The CPUID instruction first made its debut in the Pentium® processor and was also implemented in the later versions of the 486 (as well as in all subsequent IA32 processors). A detailed description can be found in “CPU Identification” on page 1443.
The additional Pentium®-related capabilities (refer to Figure 21-17 on page 519) that were not present in the later versions of the 486 were:
The MMX instruction set was introduced in the P55C version of the Pentium® processor and consisted of 47 new instructions. In addition, there are eight MMX data registers (MM[7:0]; see Figure 21-18 on page 520). As shown in the illustration, the lower 64-bits of each of the FP data registers perform double-duty:
They are used as MMX registers when MMX code is being executed.
They are used as FP data registers when x87 FPU code is being executed.
Refer to Figure 21-19 on page 523. As an example, assume that there are two video frame buffers in memory (it should not be assumed, however, that MMX is only intended for processing video data).

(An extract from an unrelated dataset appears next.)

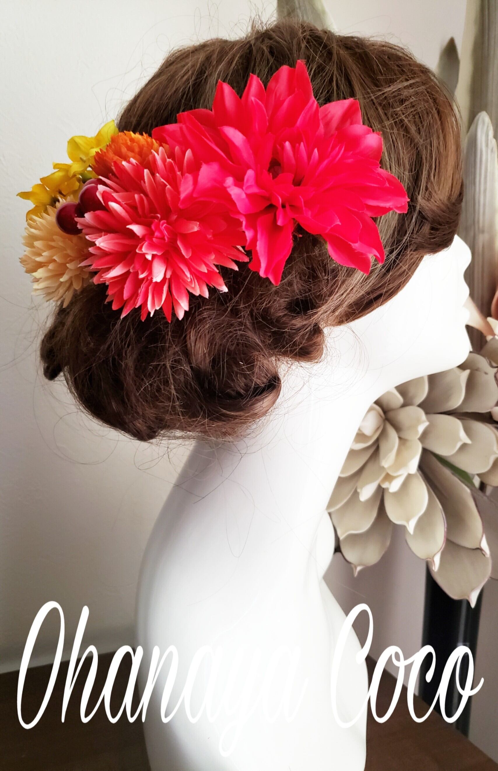 撮影角度などにより大きく見える場合もありますので実際の髪飾りの大きさは記載のサイズをご確認下さいませ。
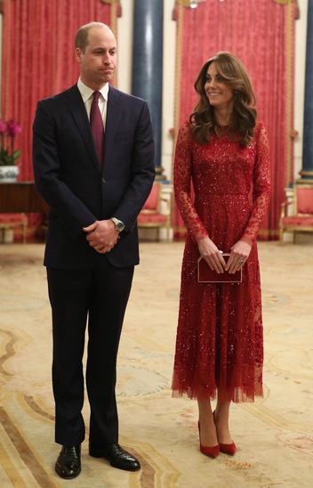 Не хуже получаются у нее яркие и красочные наряды, усыпанные переливающимися блестками. Например, алое платье миди от Needle and Thread, при помощи которого она завоевала сердца модных экспертов на приеме в Букингемском дворце в январе 2020 года.

The current video mode has the following characteristics:
Each location in each of the two buffers represents the color of one pixel. The first buffer location corresponds to the first pixel on the left end of the first line of pixels on the screen, the second buffer location corresponds to the second pixel on the left end of the first line of pixels on the screen, etc.

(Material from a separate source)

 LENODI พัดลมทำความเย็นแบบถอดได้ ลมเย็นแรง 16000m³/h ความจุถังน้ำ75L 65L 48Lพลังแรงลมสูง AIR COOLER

A single location contains 8 bits (one byte), so a pixel can be any one of 256 possible colors (as represented by the values 00h-FFh).
The video controller is currently operating at a resolution of 1024 x 786, so each of the two video frame buffers consists of 786,432 locations.
Now assume that the programmer wants to:
Read the byte from the first location of one buffer,
Read the first location of the other buffer,
Add the two bytes together, and
Store the result back into the first location of the second buffer.
Repeat the operation for every pixel in the two frame buffers.
This could be accomplished in the following manner:
Read one byte from one buffer into a one byte register (e.g., AL).
Read the corresponding byte from the other buffer into another one byte register (e.g., BL).
Add AL and BL together and store the result in BL.
Since the add may result in the generation of a carry, the programmer has to decide whether to discard the carry or to deal with it. If the possibility of a carry must be dealt with, the programmer must include a conditional branch after the add that will jump to the code that handles the carry, or to skip that code.
As indicated in the illustration, this would result in 786,432 x 2 memory reads and 786,432 memory writes. This code would generate a tremendous number of memory accesses which may or may not hit on the processor's internal data cache. Any misses would result in memory transactions being performed on the FSB. This would degrade performance in two ways:
In a multiprocessor system, the FSB bandwidth available to the other processor(s) could be substantially impacted.
Since the FSB operates at a substantially slower rate of speed than the processor core, the memory accesses would be accomplished quite slowly.
The number of memory accesses could be reduced by reading four bytes at a time from each buffer:
Read four bytes from one buffer into a 32-bit register (e.g., EAX).
Read the corresponding four bytes from the other buffer into another 32-bit register (e.g., EBX).
Add EAX and EBX together and store the result in EBX.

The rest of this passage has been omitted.